The lines below, from the one holding "Mutter mit Kindern" through the one holding "이렇게 클라이언트를 2개를", are to be restated word for word, with all images left out.

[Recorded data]
== Segment start ==
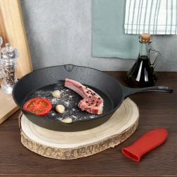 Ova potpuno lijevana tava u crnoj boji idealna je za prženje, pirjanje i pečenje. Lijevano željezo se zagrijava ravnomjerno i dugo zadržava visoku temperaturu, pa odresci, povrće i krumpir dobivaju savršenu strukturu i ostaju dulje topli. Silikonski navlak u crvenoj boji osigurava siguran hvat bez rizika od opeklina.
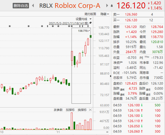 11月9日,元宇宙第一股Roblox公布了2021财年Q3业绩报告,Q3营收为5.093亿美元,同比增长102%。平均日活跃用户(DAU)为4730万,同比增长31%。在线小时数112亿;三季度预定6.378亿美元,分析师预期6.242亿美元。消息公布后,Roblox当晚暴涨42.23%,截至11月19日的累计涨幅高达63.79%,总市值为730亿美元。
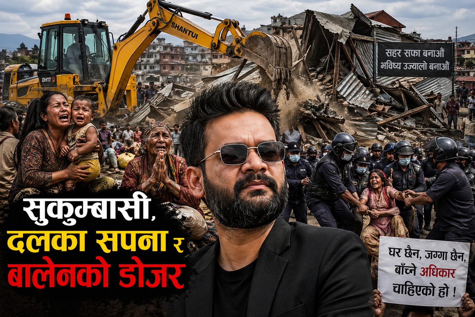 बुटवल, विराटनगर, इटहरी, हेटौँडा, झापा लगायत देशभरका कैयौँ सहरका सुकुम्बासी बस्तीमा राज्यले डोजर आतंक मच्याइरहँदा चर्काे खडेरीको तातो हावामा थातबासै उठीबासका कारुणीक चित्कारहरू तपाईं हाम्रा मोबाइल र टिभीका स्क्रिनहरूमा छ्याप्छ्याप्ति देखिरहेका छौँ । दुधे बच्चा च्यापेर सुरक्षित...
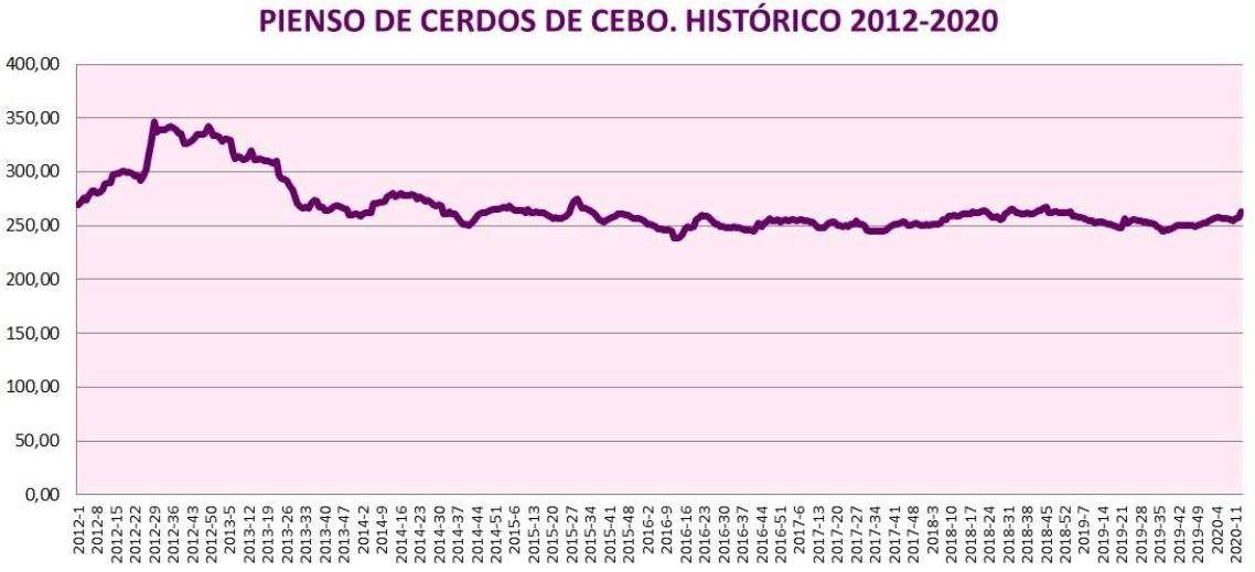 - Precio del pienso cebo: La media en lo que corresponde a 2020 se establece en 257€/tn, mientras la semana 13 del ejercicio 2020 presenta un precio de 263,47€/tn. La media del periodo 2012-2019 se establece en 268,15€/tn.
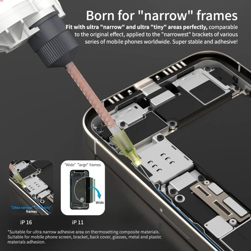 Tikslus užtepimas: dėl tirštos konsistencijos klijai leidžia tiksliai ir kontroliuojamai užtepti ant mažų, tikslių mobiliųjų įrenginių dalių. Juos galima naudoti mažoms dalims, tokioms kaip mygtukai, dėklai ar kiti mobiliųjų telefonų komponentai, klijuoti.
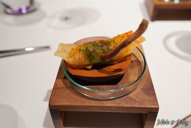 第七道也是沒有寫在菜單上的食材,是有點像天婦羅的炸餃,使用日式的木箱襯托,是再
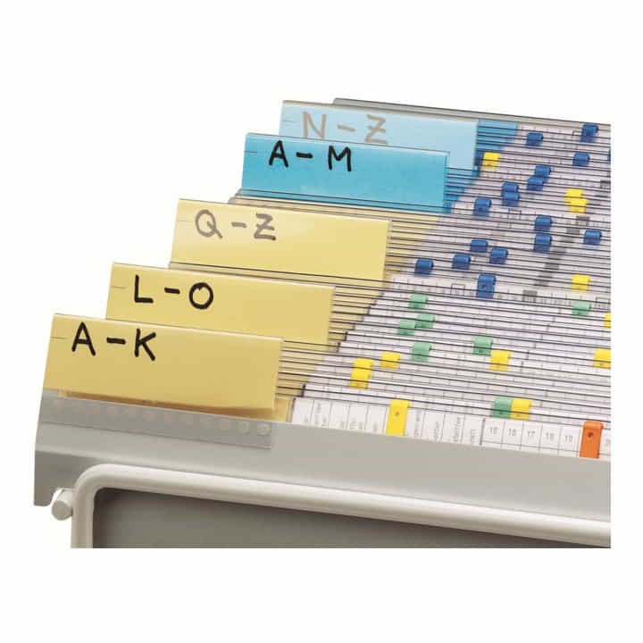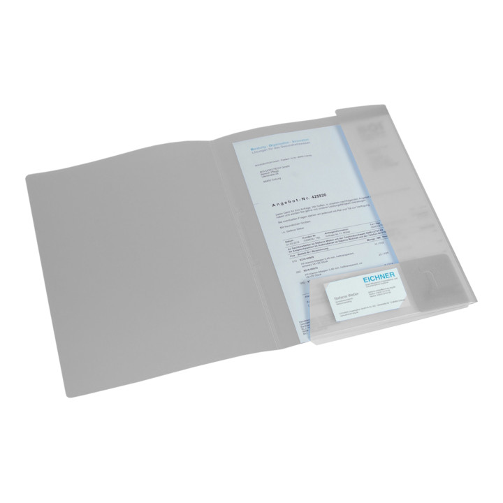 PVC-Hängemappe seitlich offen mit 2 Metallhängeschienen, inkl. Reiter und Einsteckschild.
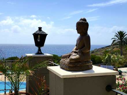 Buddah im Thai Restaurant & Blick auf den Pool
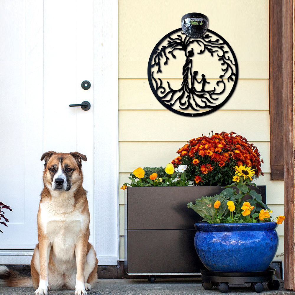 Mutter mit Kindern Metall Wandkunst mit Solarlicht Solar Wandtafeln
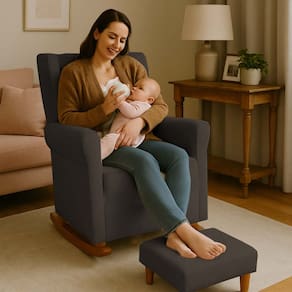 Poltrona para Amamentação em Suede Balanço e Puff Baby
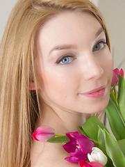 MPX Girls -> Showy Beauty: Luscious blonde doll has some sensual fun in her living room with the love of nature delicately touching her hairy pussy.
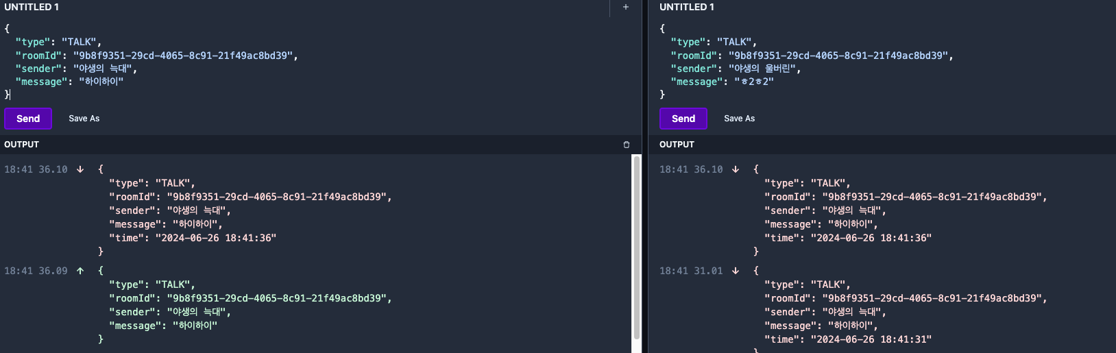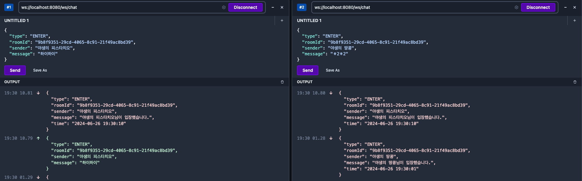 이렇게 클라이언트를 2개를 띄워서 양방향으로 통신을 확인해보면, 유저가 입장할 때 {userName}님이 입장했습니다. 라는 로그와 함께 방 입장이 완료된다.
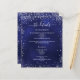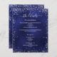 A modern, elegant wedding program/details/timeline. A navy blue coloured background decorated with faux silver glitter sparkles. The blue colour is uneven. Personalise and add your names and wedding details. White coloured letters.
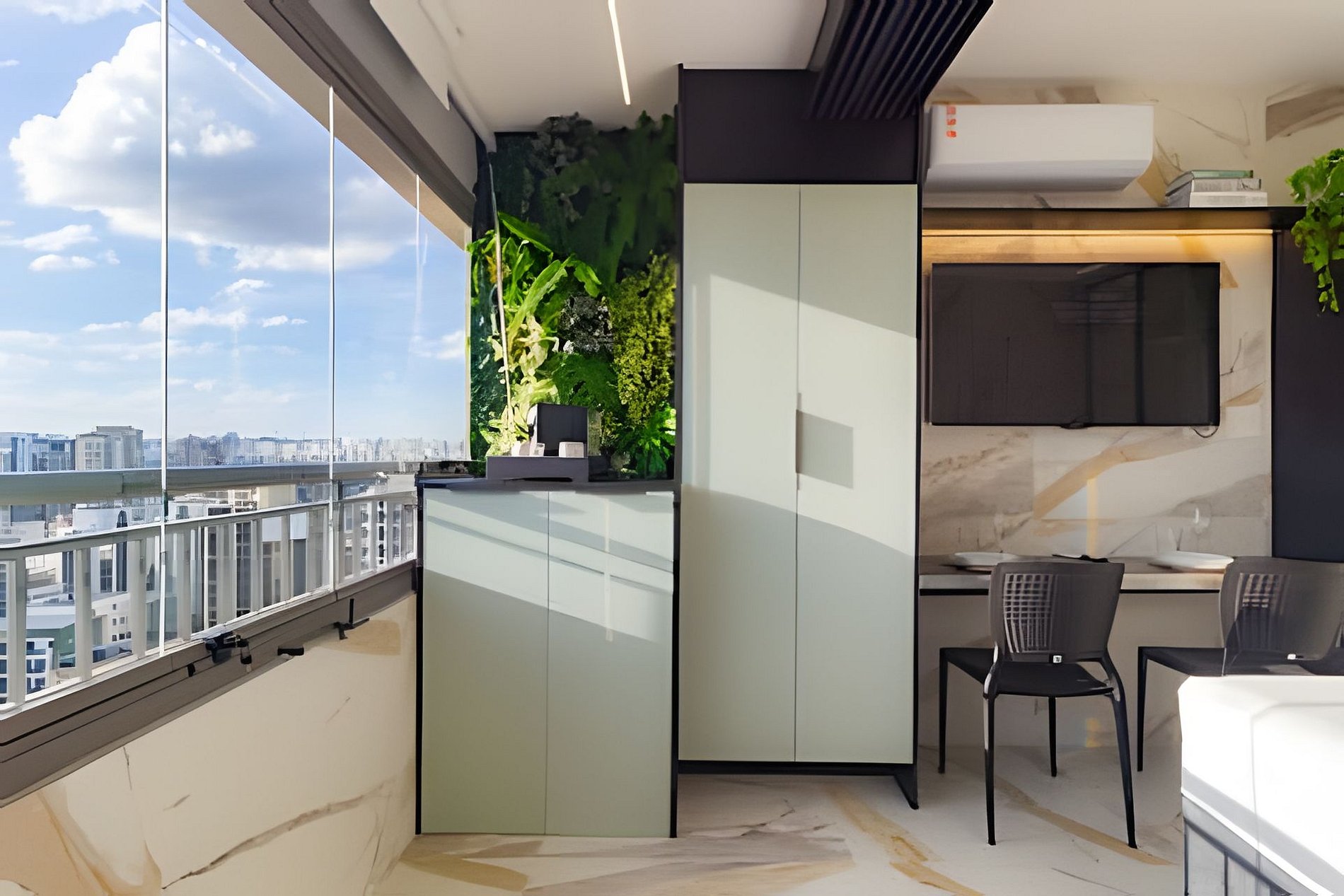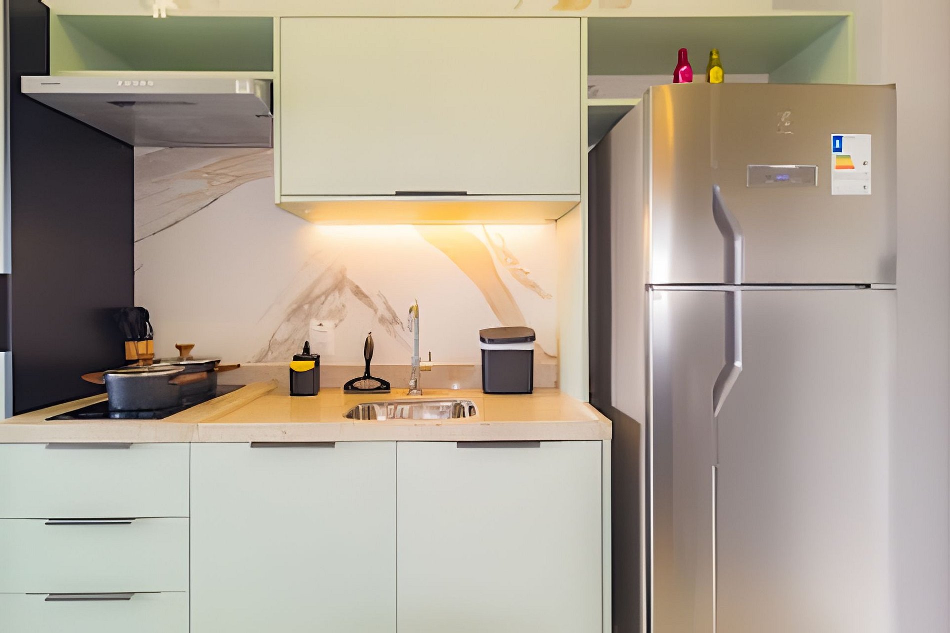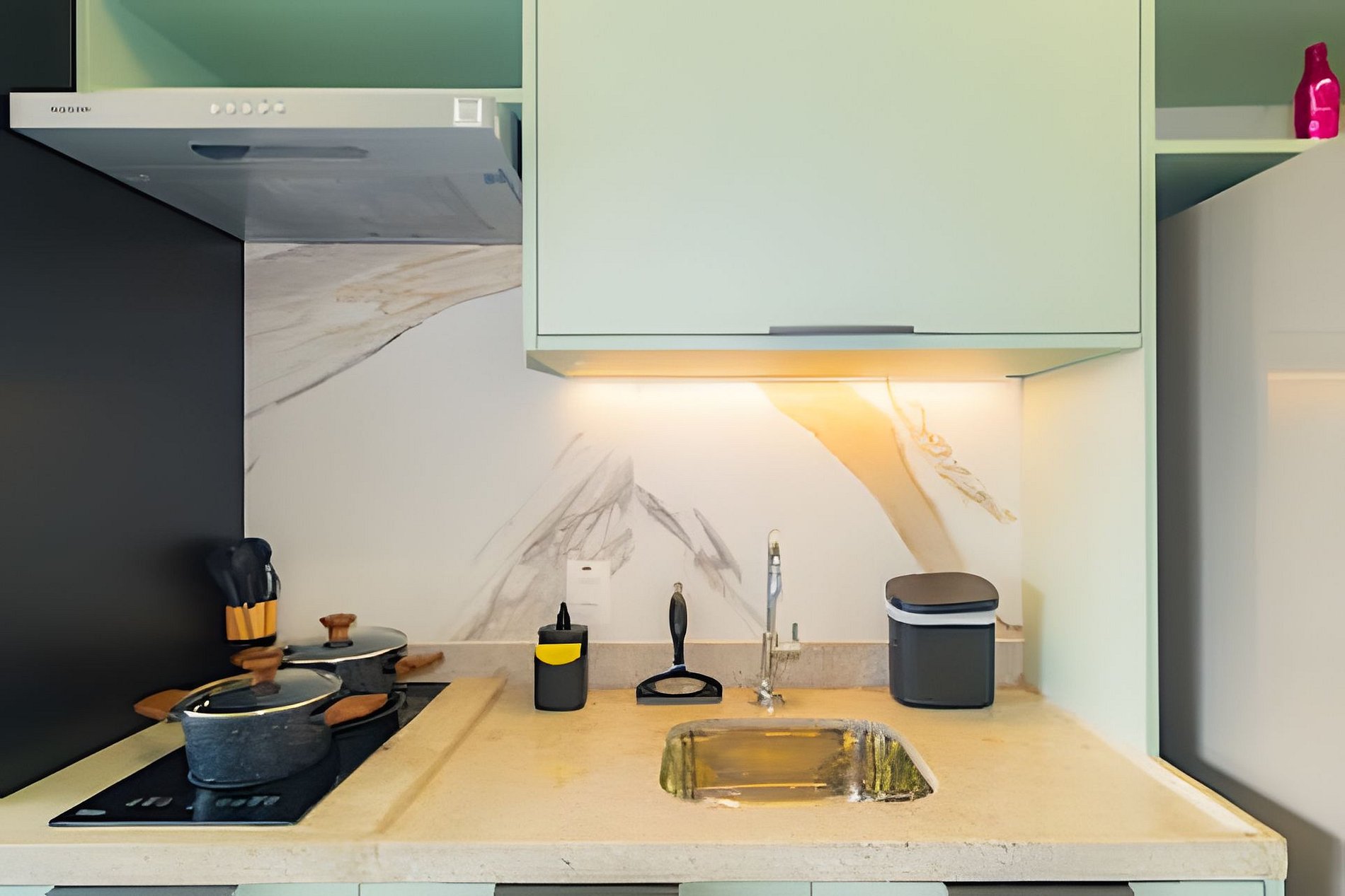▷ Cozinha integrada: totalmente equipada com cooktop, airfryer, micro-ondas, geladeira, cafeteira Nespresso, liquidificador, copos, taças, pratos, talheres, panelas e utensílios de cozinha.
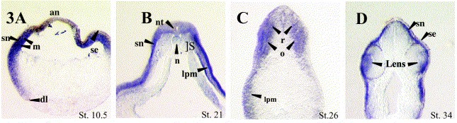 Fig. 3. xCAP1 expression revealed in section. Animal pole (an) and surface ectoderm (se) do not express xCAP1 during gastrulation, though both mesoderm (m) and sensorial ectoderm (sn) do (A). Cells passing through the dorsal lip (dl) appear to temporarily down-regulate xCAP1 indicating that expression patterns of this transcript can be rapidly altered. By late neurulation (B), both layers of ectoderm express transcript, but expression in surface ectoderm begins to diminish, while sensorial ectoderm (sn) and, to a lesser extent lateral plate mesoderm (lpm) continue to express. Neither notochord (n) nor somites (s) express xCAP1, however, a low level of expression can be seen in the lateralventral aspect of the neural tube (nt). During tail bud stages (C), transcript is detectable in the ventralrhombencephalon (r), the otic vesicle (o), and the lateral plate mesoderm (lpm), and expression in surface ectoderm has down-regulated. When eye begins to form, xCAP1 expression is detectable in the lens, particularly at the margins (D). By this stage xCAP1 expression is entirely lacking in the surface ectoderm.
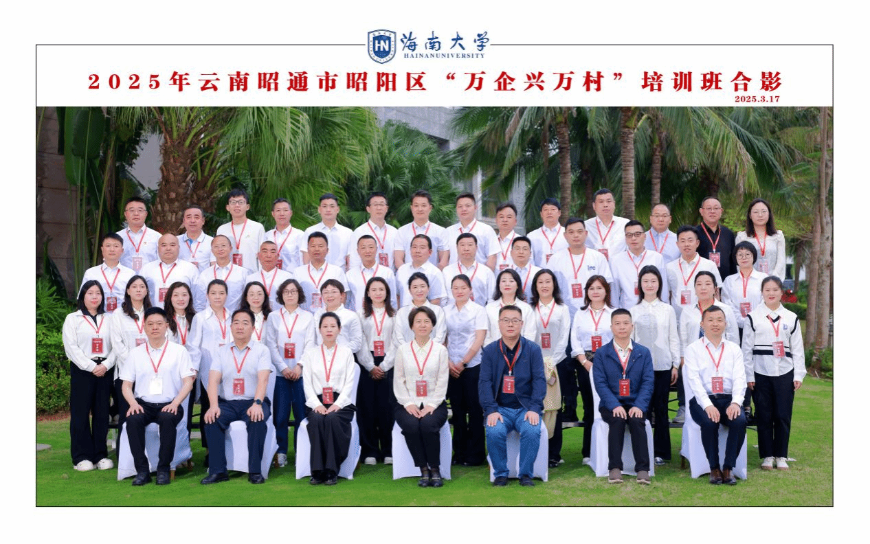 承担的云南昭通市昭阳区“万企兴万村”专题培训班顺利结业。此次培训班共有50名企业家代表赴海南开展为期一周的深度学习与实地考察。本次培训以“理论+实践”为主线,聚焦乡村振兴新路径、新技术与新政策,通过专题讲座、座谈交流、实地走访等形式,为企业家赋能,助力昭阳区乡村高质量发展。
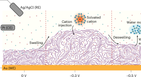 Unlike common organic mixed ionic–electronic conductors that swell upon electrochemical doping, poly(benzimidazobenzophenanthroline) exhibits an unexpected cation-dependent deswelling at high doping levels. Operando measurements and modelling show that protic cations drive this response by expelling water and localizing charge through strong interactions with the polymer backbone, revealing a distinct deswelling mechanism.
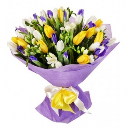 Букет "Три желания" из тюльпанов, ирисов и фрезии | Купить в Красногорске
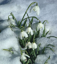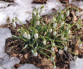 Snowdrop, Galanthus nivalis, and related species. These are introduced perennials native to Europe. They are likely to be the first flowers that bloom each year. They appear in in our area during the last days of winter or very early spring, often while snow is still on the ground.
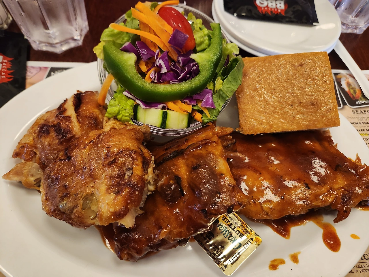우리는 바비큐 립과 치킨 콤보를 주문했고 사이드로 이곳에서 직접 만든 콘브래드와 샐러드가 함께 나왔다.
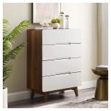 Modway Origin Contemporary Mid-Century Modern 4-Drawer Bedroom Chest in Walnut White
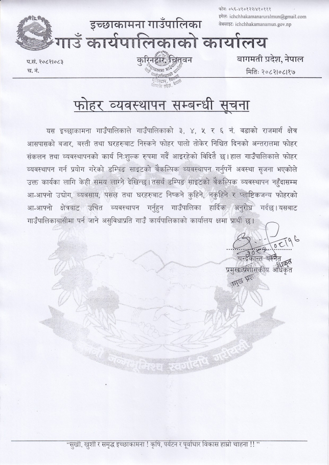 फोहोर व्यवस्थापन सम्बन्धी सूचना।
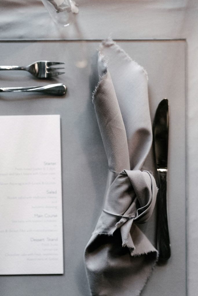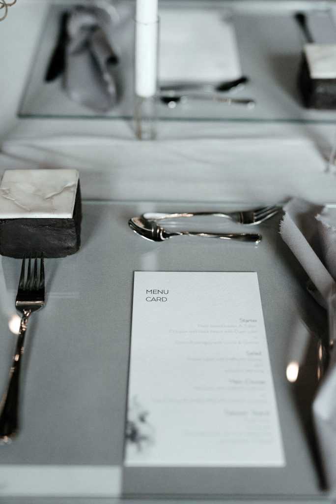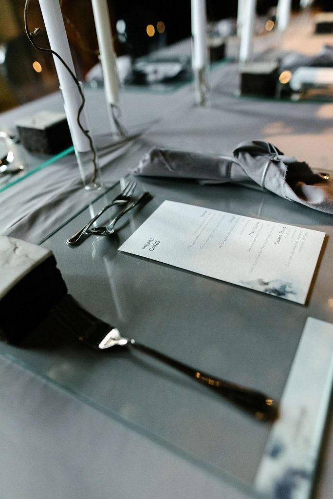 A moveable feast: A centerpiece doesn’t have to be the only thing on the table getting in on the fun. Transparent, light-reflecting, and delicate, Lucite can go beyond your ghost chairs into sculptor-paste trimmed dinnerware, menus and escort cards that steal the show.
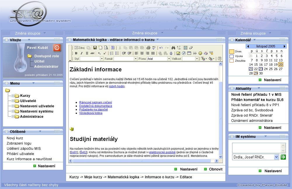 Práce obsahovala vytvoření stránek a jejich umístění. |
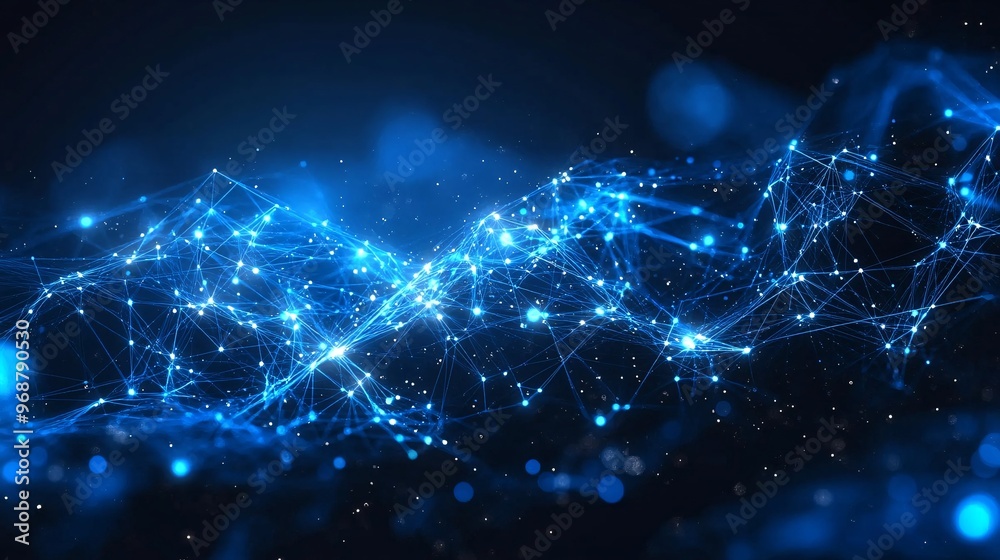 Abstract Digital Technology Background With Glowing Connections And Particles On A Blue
== Segment end ==
■ Solution for this task:
 Mutter mit Kindern Metall Wandkunst mit Solarlicht Solar Wandtafeln
 Poltrona para Amamentação em Suede Balanço e Puff Baby
 MPX Girls -> Showy Beauty: Luscious blonde doll has some sensual fun in her living room with the love of nature delicately touching her hairy pussy.
 이렇게 클라이언트를 2개를 띄워서 양방향으로 통신을 확인해보면, 유저가 입장할 때 {userName}님이 입장했습니다. 라는 로그와 함께 방 입장이 완료된다.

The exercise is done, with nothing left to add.